Currently, the standardization of the LTE (Long Term Evolution) system, which is a wireless communication system for mobile phones of the 3.9th generation, is almost completed. Recently, LTE-A (LTE-Advanced), which is a fourth-generation wireless communication system being a more advanced version of the LTE system, has started to be standardized.
In general, for an uplink of a mobile communication system (communication from mobile stations to a base station), mobile stations serve as transmitting stations, and thus a single-carrier method (LET employs SC-FDMA (Single Carrier Frequency Division Multiple Access)) is considered effective due to its low peak power that enables the power use efficiency of an amplifier to be maintained at a high level with a limited transmission power. Note that SC-FDMA is also called DFT-S-OFDM (Discrete Fourier Transform Spread Orthogonal Frequency Division Multiplexing).

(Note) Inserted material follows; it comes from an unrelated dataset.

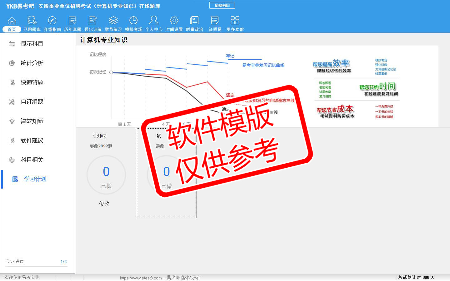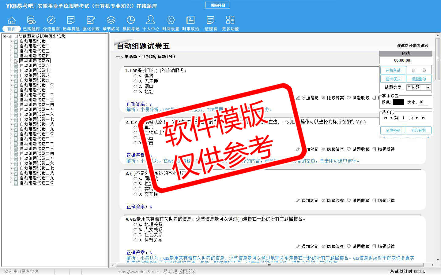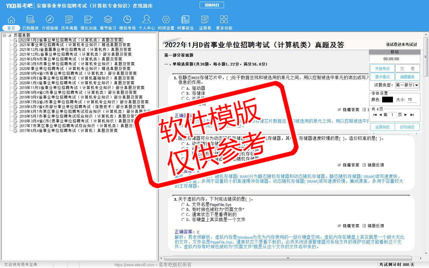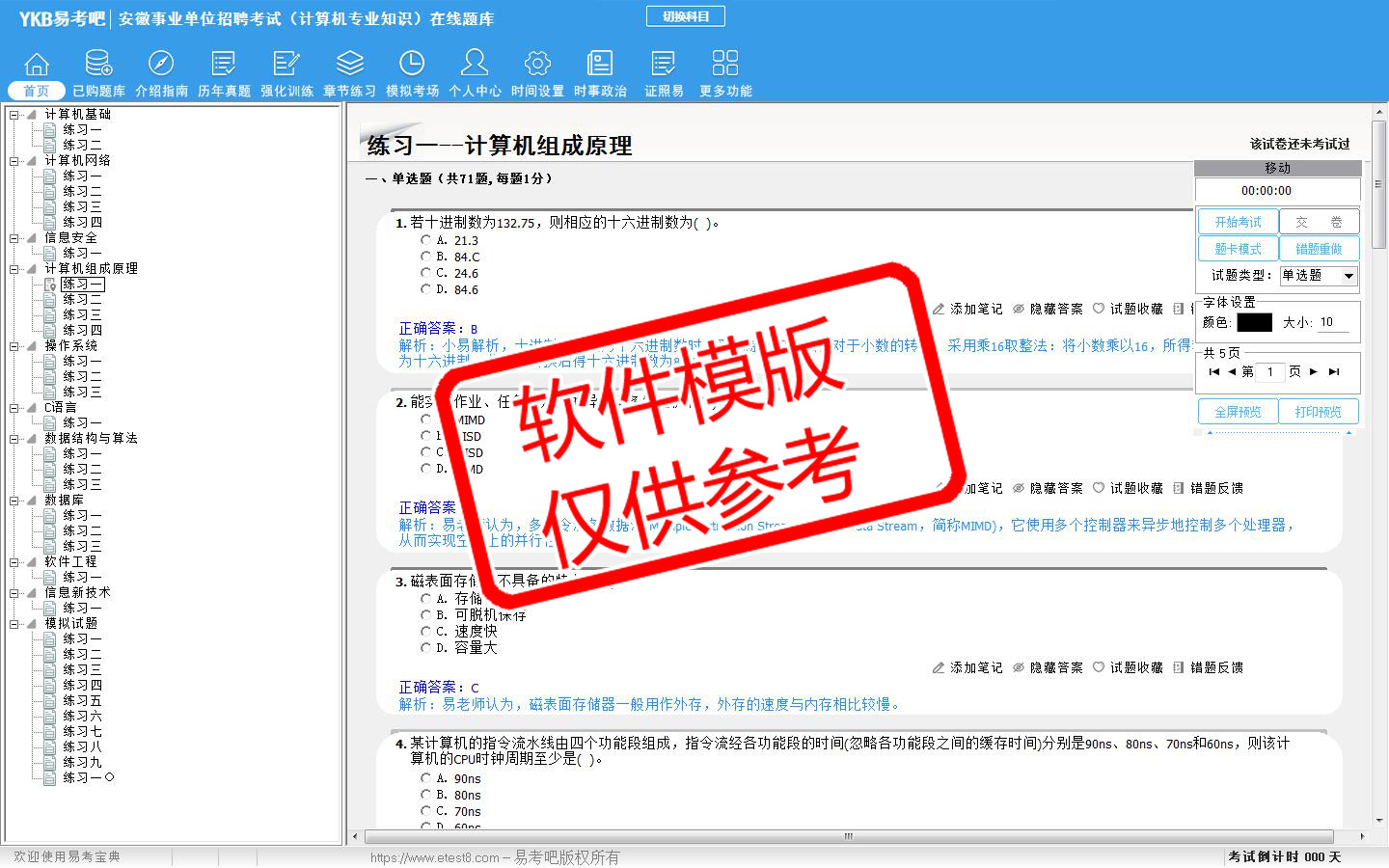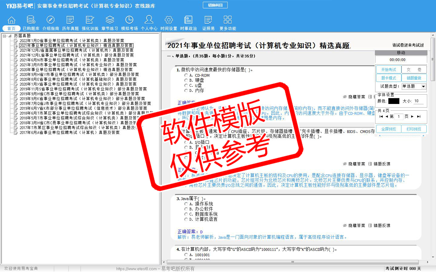 题量内容: 模拟试题库共有3724道试题,可以任意组成模拟考场试卷练习37套,历届真题有6套,另有各章节的练习试题多套,以及多条考试介绍和考试指南(辅导资料)。

A single-carrier method such as SC-FDMA assumes a continuous spectrum arrangement. Thus, under an environment where frequency selective fading occurs due to a delay of an electric wave in a radio propagation path, part of the spectrum has low gain of the propagation path and therefore makes the received power significantly low. The energy loss remains as it is even when an adaptive equalization technique (such as frequency domain equalization) is used.
In this respect, Non-patent Document 1 listed below has disclosed a technique of performing spectral shaping based on a water filling theorem (also called WF) which can maximize the received energy.
FIG. 8 is a diagram showing the principle described in Non-patent Document 1. In the upper part of FIG. 8, the horizontal axis is frequency while the vertical axis is signal-to-noise power ratio (SNR). L1001 in Part (a) of FIG. 8 represents the propagation path gain at each frequency estimated in an uplink. In addition, in Part (b) of FIG. 8, the horizontal axis represents frequency while the vertical axis represents the transmission power at each frequency. The horizontal axes in Parts (a) and (b) of FIG. 8 are matched with each other. Under such a frequency selective fading environment, there are frequencies with high propagation path gains such as ones in a band F1001, while there are frequencies with extremely low gains such as ones in F1002. Thus, as shown by S1001 in Part (b) of FIG. 8, in the single-carrier spectrum, higher transmission powers are allocated to the band F1001 while lower transmission powers are allocated to frequencies with lower gains. Further, the received energy is maximized with the same amount of transmission power by a clipping process which allocates no power to frequencies with extremely low gains such as ones in F1002.
To utilize the received energy thus maximized, the receiving side makes detection through turbo equalization in which the transmission energy allocated based on the water filling theorem is regarded as the frequency gains. Thus, the receiving side can perform accurate detection.